Gene editing: 5 things you need to know about the government’s reforms

DEFRA has announced plans to relax the regulation of gene edited crops to ‘cut red tape’ for research and enable commercial growing in England. Here’s what you need to know.

Gene editing: 5 things you need to know. Photograph: Getty Images Gene editing: 5 things you need to know. Photograph: Getty Images

1. What is gene editing?

Gene editing is a scientific tool which allows changes to be made to a plant or animal, which could have occurred naturally or through conventional breeding, but more quickly and with greater precision.

Environment secretary George Eustice has said that gene editing has the ability to “harness the genetic resources that nature has provided” and could help England “tackle some of the biggest challenges that we face – around food security, climate change and biodiversity loss”.

This could include producing hardier crops that can withstand warmer temperatures.

It is different from genetic modification in that it does not result in the introduction of DNA from other species. However, while the UK was part of the EU, gene editing was strictly regulated in the same way as genetically modified organisms (GMOs), and the government is now keen to make use of Brexit and “set our own rules”.

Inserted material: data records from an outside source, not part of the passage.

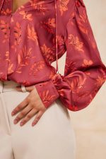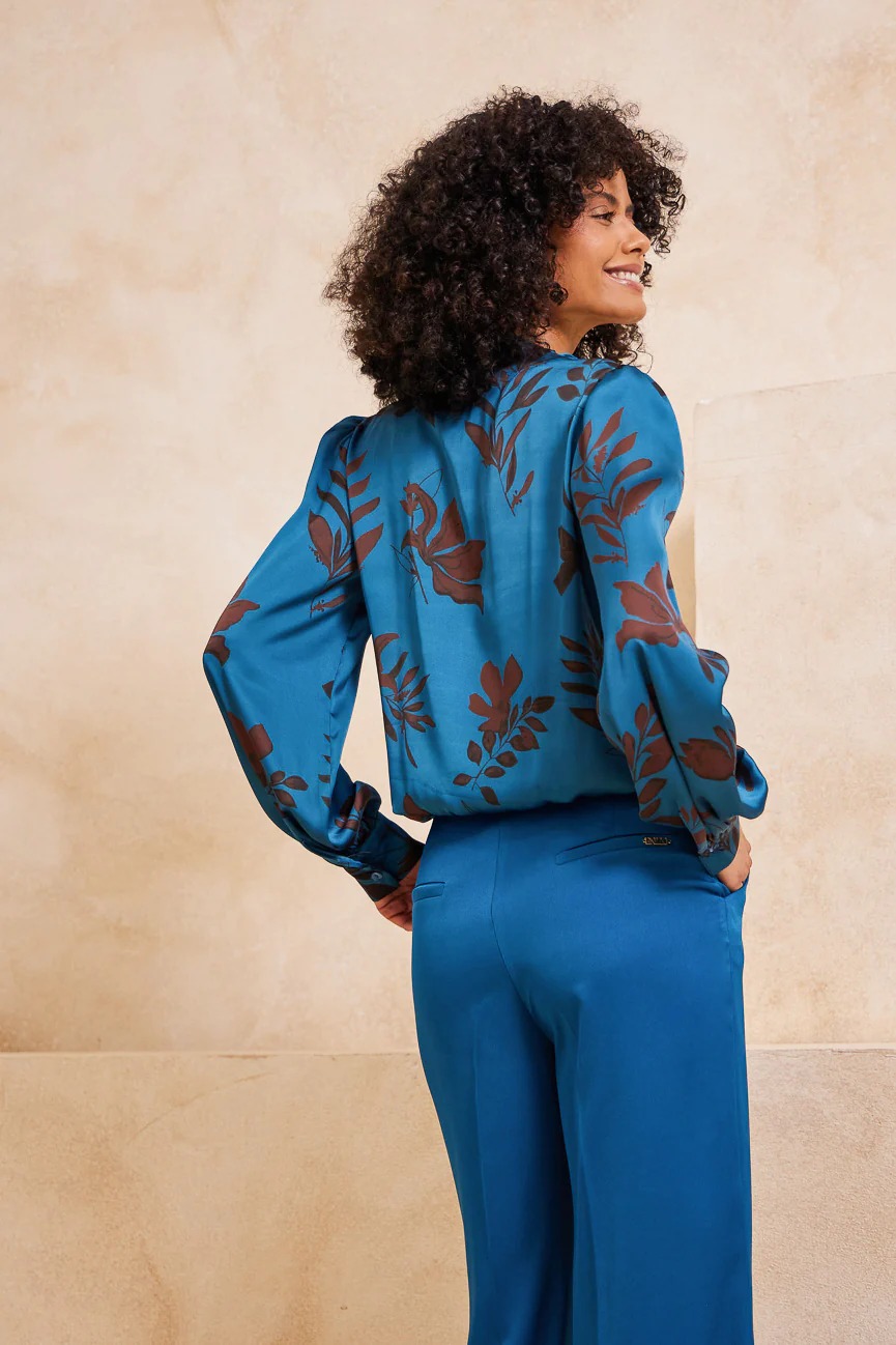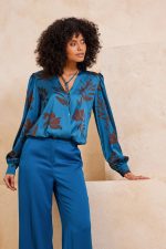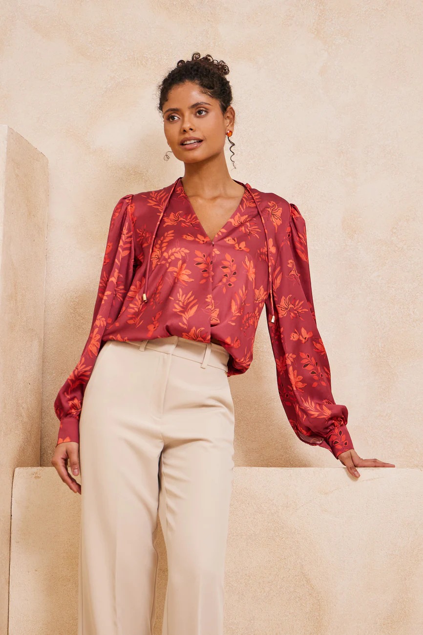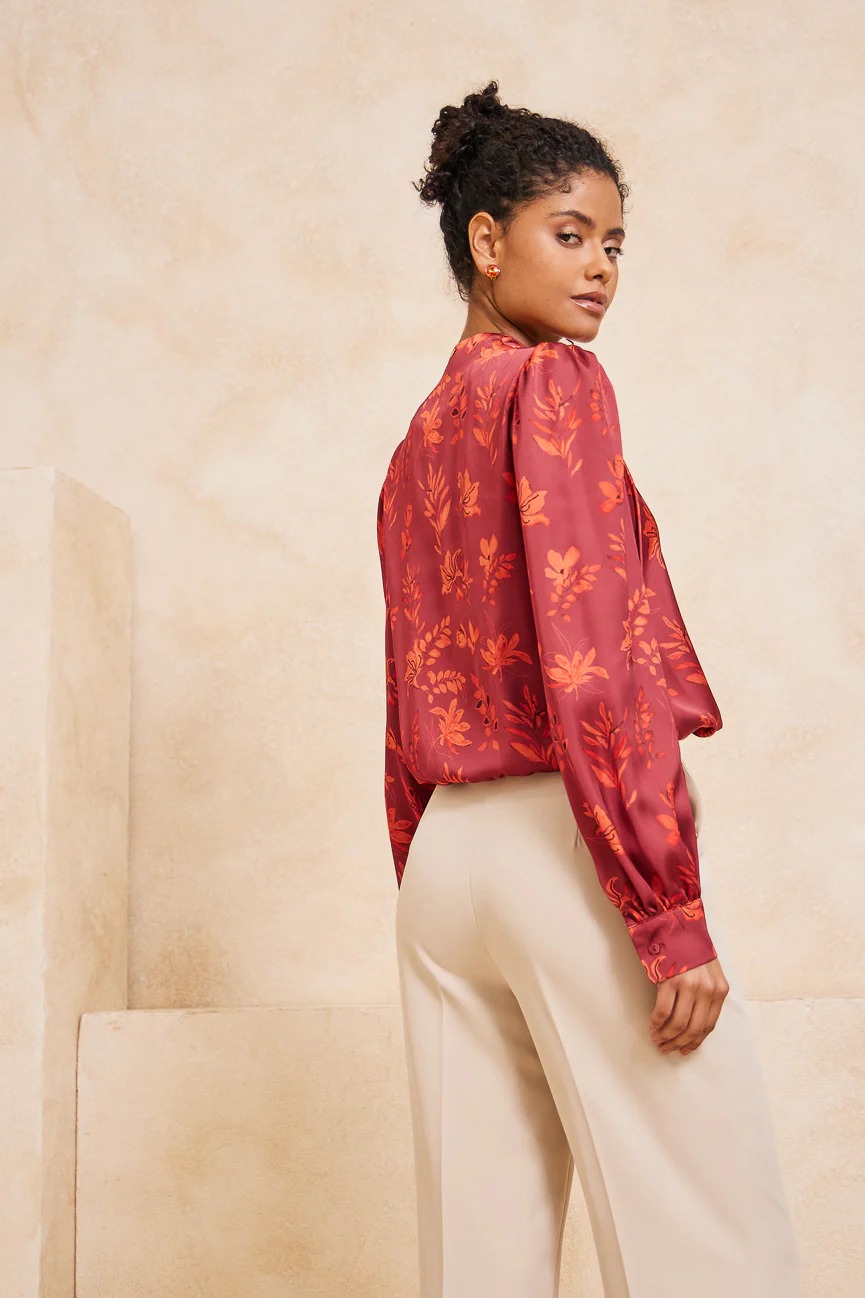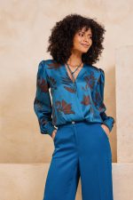 ​​Μπλούζα μακρυμάνικη εμπριμέ. Σταθερό ύφασμα με σατέν όψη.
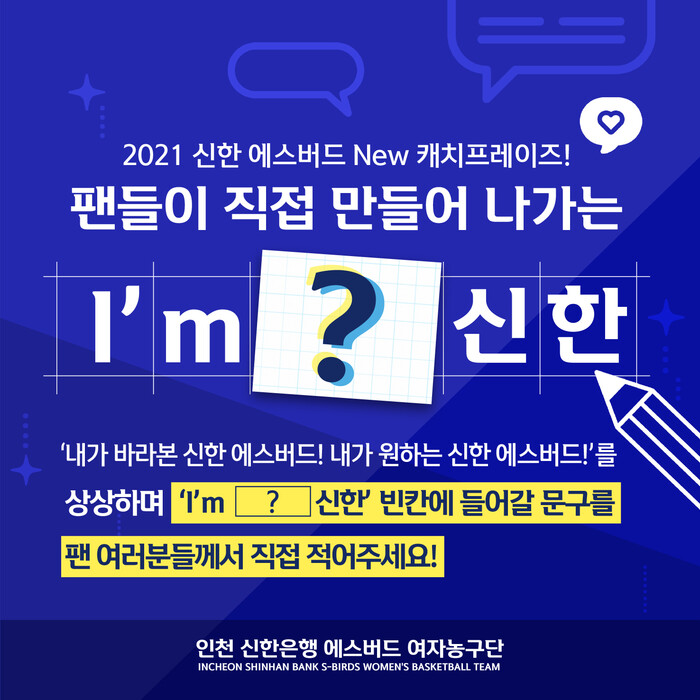 지난 두 시즌 에스버드의 캐치프레이즈로 사용한 「I’m 신한, We are S-birds」를 연속하는 의미로 「I’m ( ) 신한」의 빈칸을 에스버드 농구단을 사랑해주시는 분들의 의견으로 채울 예정이다. 글자수나 형식에 제한 없이 에스버드를 표현할 수 있는 문구면 자유롭게 참여 가능하다.
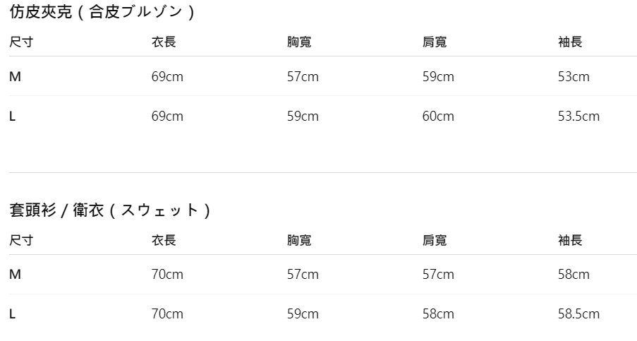 ■ 內容:仿皮夾克、衛衣、毛衣、長褲、裙子、針織帽 (內徑58高度19cm)、收納包 (17x15x8cm)
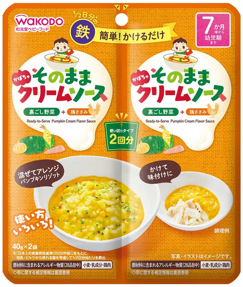 如日本專業(yè)嬰幼兒食品品牌和光堂的奶油南瓜調(diào)味醬,含有三種蔬菜,來源于雞肉的優(yōu)質(zhì)蛋白質(zhì)及豐富的鐵元素,只需要將醬汁和其他食材混合起來簡單加熱,就能制作出美味又營養(yǎng)的嬰幼兒輔食。且獨立小包裝方便控制用量,省時省力,大大減輕了寶媽制作輔食的工作量。

2. DEFRA is going to relax regulation on research by the end of this year 

The government has said its first focus will be on plants and “unlocking research” to enable scientists to develop knowledge on gene editing and “drive innovation” in farming. 

DEFRA said it intends to use existing powers under the Environmental Protection Act 1990 to lay a statutory instrument by the end of this year. This would make research on gene editing plants easier, removing the need for scientists to apply for a licence to carry out open-air trials of a gene edited crop.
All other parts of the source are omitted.